=== WHAT YOU WILL DO ===
Give an exact copy of the data that follows, but none of its pictures.

=== GIVEN MATERIAL ===
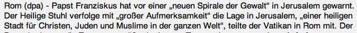 wie sagte der nachdenkliche Tom Segev aus Israel zuletzt: in Jerusalem hat alles immer eine sehr symbolische Bedeutung
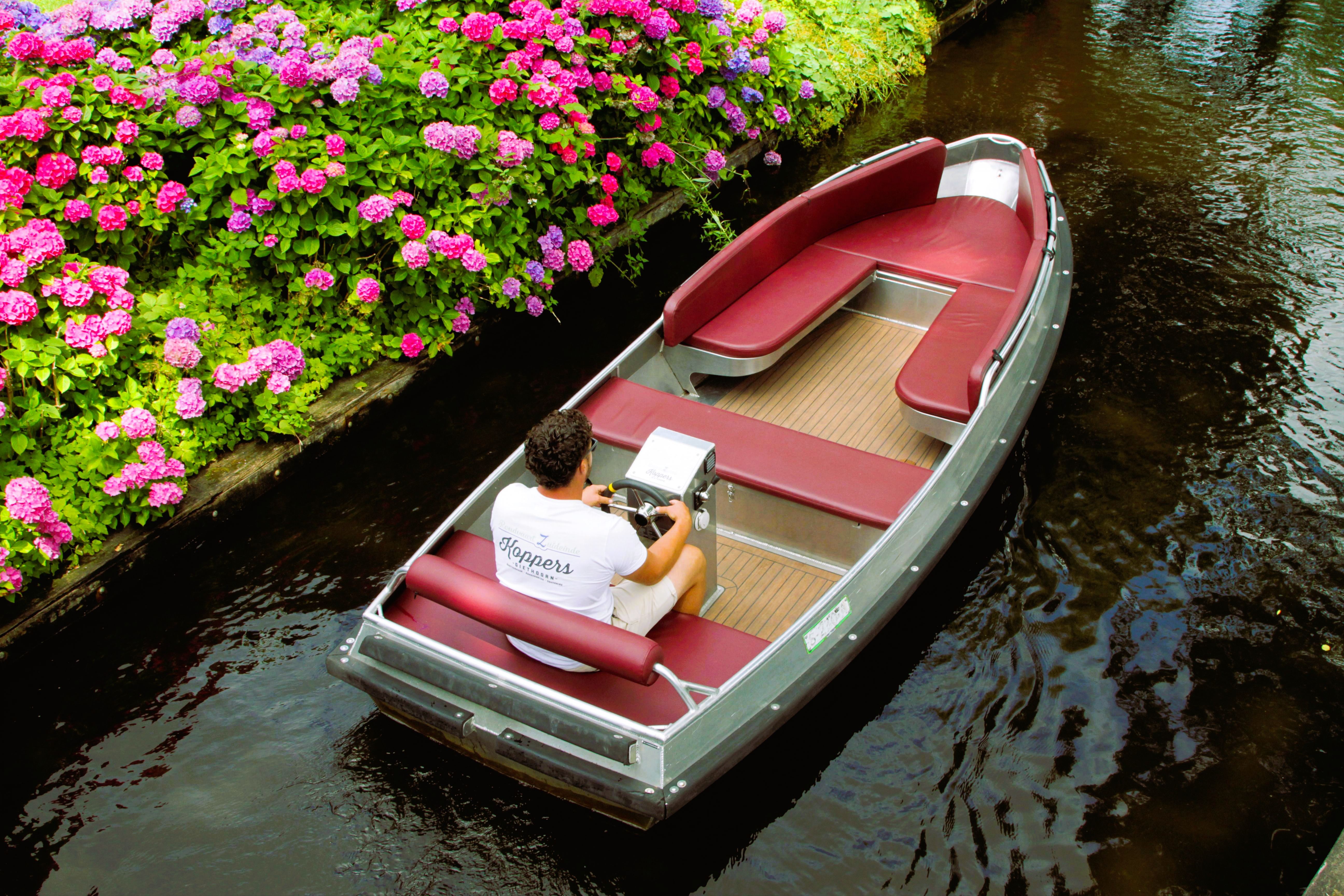 Vergeleken de fluisterboot en de consoleboot is de Electrosloep groter van voormaat. Daarnaast is de Electrosloep ook luxer vanwege de kussensen het stuurwiel in de boot. De Electrosloep is de beste keuze wanneer u zo comfortabel mogelijk door Giethoorn wil varen!
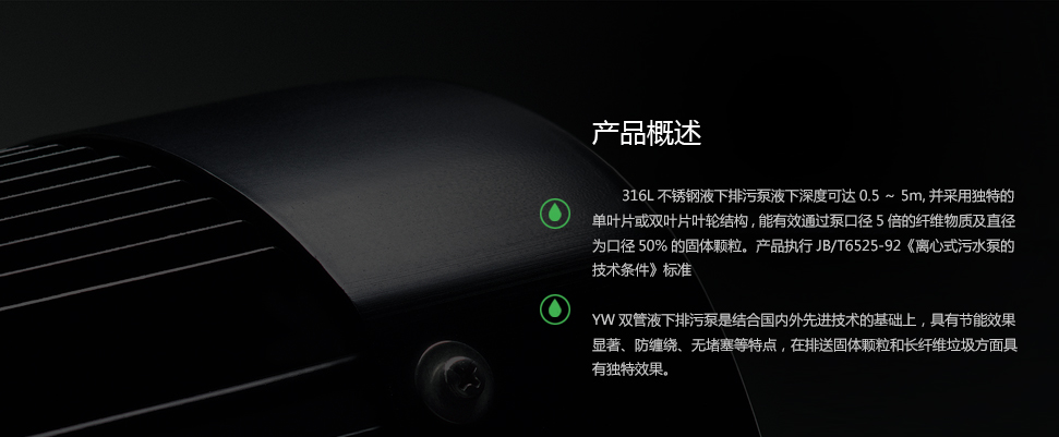 6、液下排污泵為立式結(jié)構(gòu),工作時泵體浸在液體中因而容易啟動,不存在排氣抽空問題,同時具有無泄露等特點,液下深度可達0.5-7米。

=== ANSWER TO THE PROBLEM ===
 wie sagte der nachdenkliche Tom Segev aus Israel zuletzt: in Jerusalem hat alles immer eine sehr symbolische Bedeutung
 Vergeleken de fluisterboot en de consoleboot is de Electrosloep groter van voormaat. Daarnaast is de Electrosloep ook luxer vanwege de kussensen het stuurwiel in de boot. De Electrosloep is de beste keuze wanneer u zo comfortabel mogelijk door Giethoorn wil varen!
 6、液下排污泵為立式結(jié)構(gòu),工作時泵體浸在液體中因而容易啟動,不存在排氣抽空問題,同時具有無泄露等特點,液下深度可達0.5-7米。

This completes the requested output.